I feel jealous. Or something similar. I don't want to. Really don't want to. Not a nice place to be at all.
It's over very small things. But in my head they aren't small things at all. Haven't discussed them with OH as I wouldn't know where to begin and worried about the consequence of the conversation. Me sounding like a control freak or worse
Over a few years these things
1.Wknd away with friends without me, came home with a new friend on fb popping up liking all their photos. The wknd away was other end of the country. I cant get my head around how you end up adding someone as a friend on fb. Complete stranger. No mutual friends. To me it's similar to swapping phone numbers. Why would you do that with a stranger unless you had intentions of seeing or speaking to them again.
- Night out together. OH was annoyed at me so went off for about an hour, left me sat on my own. Later, we're dancing/cuddling. I see them in a mirror talking to someone else over my shoulder motioning to go and dance with them. Obviously I asked who that was, "just someone I got talking to earlier on and was telling them how annoyed I was at you so they were saying I should dance with them instead".
- Another night out, dancing with and cuddling someone on the dance floor.

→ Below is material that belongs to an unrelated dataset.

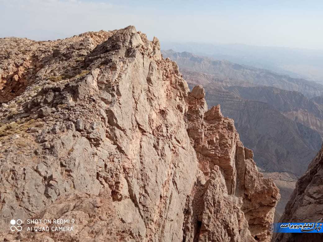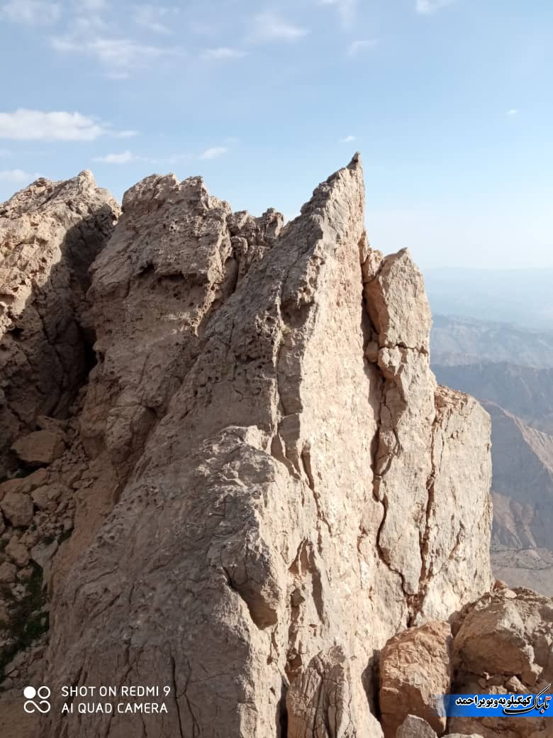 بعد از استراحت باز کوله بار همت را بستیم و از سینه کش و چالش با صخره و سنگ بالارفتیم. ستیغ صخره های یال شرقی پازن پیر بعضا قمه مانند بود بنابراین با ریسک و خطرپذیری و البته با احتیاط از آن بالا می رفتیم.
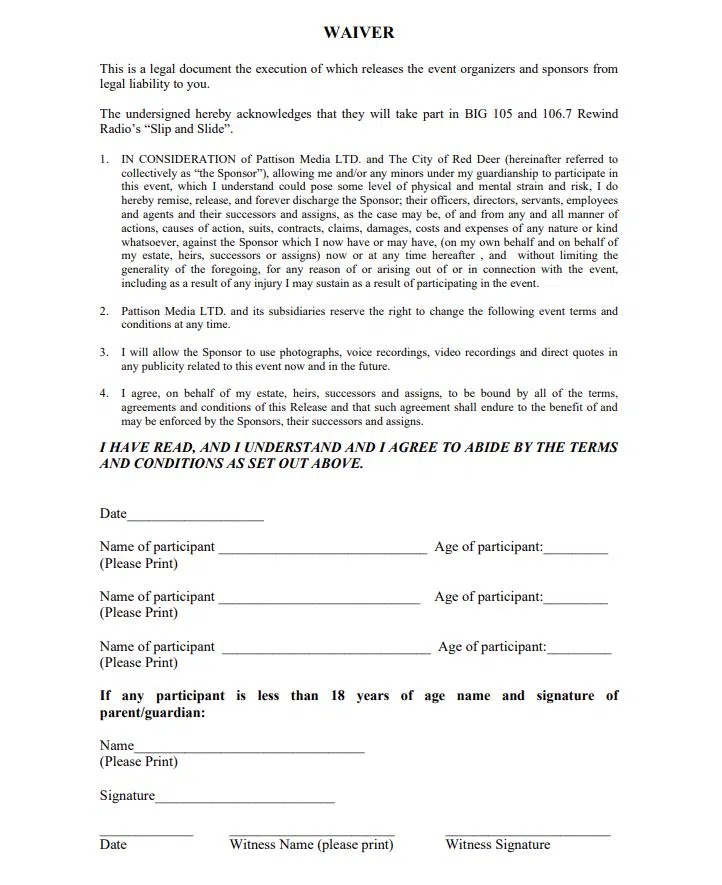 Want to get on the slides ASAP? Print and fill out the waiver below ahead of time and bring it with you the day of the Slip ‘N Slide!

- Someone at work had been helping them a lot. I'd heard a lot about it and was supportive obviously as this was a massive help to my OH. I literally had heard about every convo and phone call they'd had because it was such a big help. Then whilst showing me some work stuff, an email appeared showing they'd also been to lunch a few times. That def hadn't been mentioned. I didn't make a deal out of it as there is nothing to make a deal out of.
- I know of a least 1 colleague at work who sends messages starting with things like "morning gorgeous" I did ask about that one but was told it was nothing.
All of these things are nothing really. I know that. So why does it make me feel so bad. I want to talk to them about it but can't see it going well. I don't want the relationship to end but neither do i want to carry on feeling like this. I certainly don't want to be controlling either and stop them from doing anything.
Does anyone understand how I feel? At all?